PR_NUMBER="${{ github.event.pull_request.number }}"
EVENT_ACTION="${{ github.event.action }}"
PR_BASE="${{ github.event.pull_request.base.sha }}"
PR_HEAD="${{ github.event.pull_request.head.sha }}"
if [ "$EVENT_ACTION" = "synchronize" ]; then
echo "🔄 Synchronize event - detecting incremental changes"
# Try to get last processed commit from translation PR
TRANSLATION_PR=$(gh pr list \
--search "head:docs-sync-pr-${PR_NUMBER} state:open" \
--json number \
--jq '.[0].number // empty' 2>/dev/null || echo "")
LAST_PROCESSED=""
if [ -n "$TRANSLATION_PR" ]; then
echo "Found translation PR #${TRANSLATION_PR}"
# Extract last processed commit from comments (reverse order to get latest)
LAST_PROCESSED=$(gh pr view "$TRANSLATION_PR" \
--json comments \
--jq '.comments | reverse | .[] | .body' 2>/dev/null \
| grep -oP 'Last-Processed-Commit: \K[a-f0-9]+' \
| head -1 || echo "")
if [ -n "$LAST_PROCESSED" ]; then
echo "✅ Found tracked commit in translation PR: $LAST_PROCESSED"
fi
fi
# Use tracked commit if available, otherwise fall back to github.event.before
if [ -n "$LAST_PROCESSED" ]; then
COMPARE_BASE="$LAST_PROCESSED"
echo "Using last processed commit: $COMPARE_BASE"

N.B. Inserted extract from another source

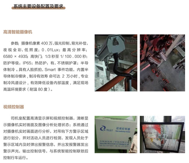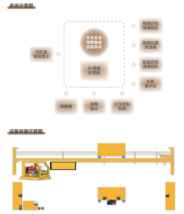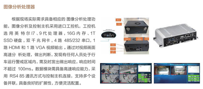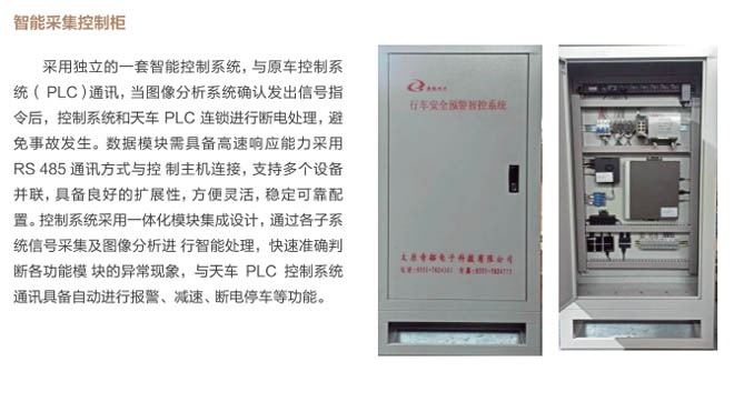 6、行車智控系統(tǒng):控制系統(tǒng)采用一體化模塊集成設(shè)計(jì), 通過各子系統(tǒng)信號(hào)采集及圖像分析進(jìn) 行智能處理,快速準(zhǔn)確判斷各功能模 塊的異常現(xiàn)象,與主機(jī)PLC控制系統(tǒng) 通訊連接具備自動(dòng)進(jìn)行報(bào)警、減速、斷電停車等功能,當(dāng)系統(tǒng)確認(rèn)發(fā)出信號(hào)指令后,控制系統(tǒng)和行車PLC連鎖進(jìn)行斷電處理,避免事故發(fā)生。

elif [ -n "${{ github.event.before }}" ] && [ "${{ github.event.before }}" != "0000000000000000000000000000000000000000" ]; then
COMPARE_BASE="${{ github.event.before }}"
echo "Using github.event.before: $COMPARE_BASE"
else
# Fallback to PR base (first push after PR creation)
COMPARE_BASE="$PR_BASE"
echo "⚠️ No previous commit found, using PR base: $COMPARE_BASE"
fi
COMPARE_HEAD="$PR_HEAD"
IS_INCREMENTAL="true"
else
echo "🆕 New PR event - analyzing full changes"
# Use merge-base to find where branch diverged from main
# This allows stale branches to trigger automation without false "mixed content" errors
MERGE_BASE=$(git merge-base "$PR_BASE" "$PR_HEAD")
echo "Branch diverged from main at: $MERGE_BASE"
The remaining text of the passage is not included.